⟨
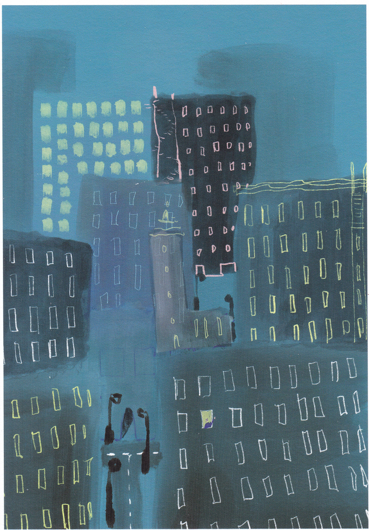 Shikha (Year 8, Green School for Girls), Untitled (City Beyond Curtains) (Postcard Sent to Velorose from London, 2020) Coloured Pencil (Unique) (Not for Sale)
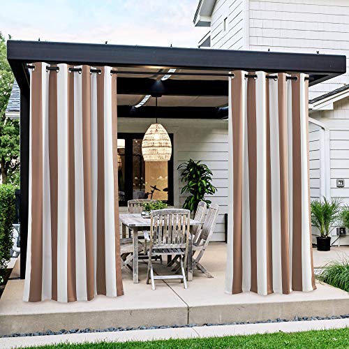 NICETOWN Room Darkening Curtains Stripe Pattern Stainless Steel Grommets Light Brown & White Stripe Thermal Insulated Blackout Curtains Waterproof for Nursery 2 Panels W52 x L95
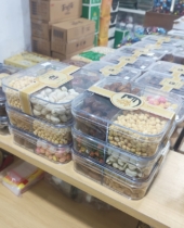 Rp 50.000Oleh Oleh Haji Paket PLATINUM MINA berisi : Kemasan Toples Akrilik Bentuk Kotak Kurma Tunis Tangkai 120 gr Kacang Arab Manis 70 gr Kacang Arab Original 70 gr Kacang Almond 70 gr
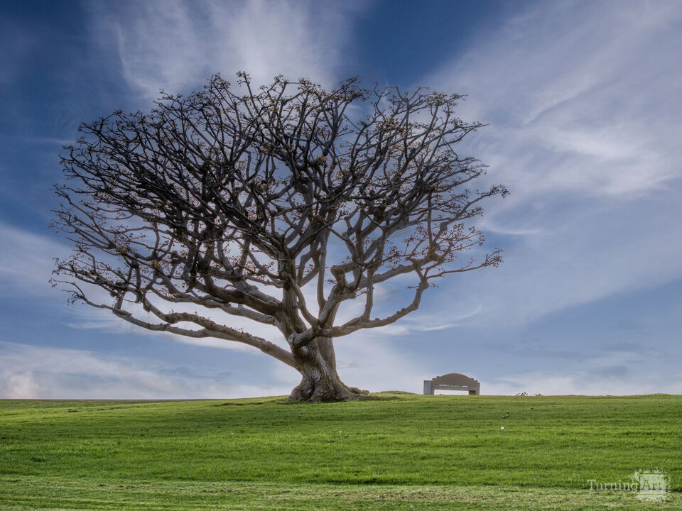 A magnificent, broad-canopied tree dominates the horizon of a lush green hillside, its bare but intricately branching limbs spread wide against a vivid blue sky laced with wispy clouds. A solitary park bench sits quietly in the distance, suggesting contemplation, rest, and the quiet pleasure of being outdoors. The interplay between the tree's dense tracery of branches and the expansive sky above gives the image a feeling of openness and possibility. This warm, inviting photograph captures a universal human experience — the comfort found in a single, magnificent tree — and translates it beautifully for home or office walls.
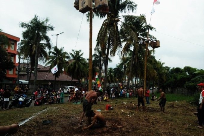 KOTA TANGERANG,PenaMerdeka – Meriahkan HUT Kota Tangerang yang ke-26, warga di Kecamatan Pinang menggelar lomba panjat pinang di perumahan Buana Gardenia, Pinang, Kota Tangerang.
⟩
## What the exercise asks
Every line of the data above is to be set down word for word, with the pictures left out.

## Response below
 Shikha (Year 8, Green School for Girls), Untitled (City Beyond Curtains) (Postcard Sent to Velorose from London, 2020) Coloured Pencil (Unique) (Not for Sale)
 NICETOWN Room Darkening Curtains Stripe Pattern Stainless Steel Grommets Light Brown & White Stripe Thermal Insulated Blackout Curtains Waterproof for Nursery 2 Panels W52 x L95
 Rp 50.000Oleh Oleh Haji Paket PLATINUM MINA berisi : Kemasan Toples Akrilik Bentuk Kotak Kurma Tunis Tangkai 120 gr Kacang Arab Manis 70 gr Kacang Arab Original 70 gr Kacang Almond 70 gr
 A magnificent, broad-canopied tree dominates the horizon of a lush green hillside, its bare but intricately branching limbs spread wide against a vivid blue sky laced with wispy clouds. A solitary park bench sits quietly in the distance, suggesting contemplation, rest, and the quiet pleasure of being outdoors. The interplay between the tree's dense tracery of branches and the expansive sky above gives the image a feeling of openness and possibility. This warm, inviting photograph captures a universal human experience — the comfort found in a single, magnificent tree — and translates it beautifully for home or office walls.
 KOTA TANGERANG,PenaMerdeka – Meriahkan HUT Kota Tangerang yang ke-26, warga di Kecamatan Pinang menggelar lomba panjat pinang di perumahan Buana Gardenia, Pinang, Kota Tangerang.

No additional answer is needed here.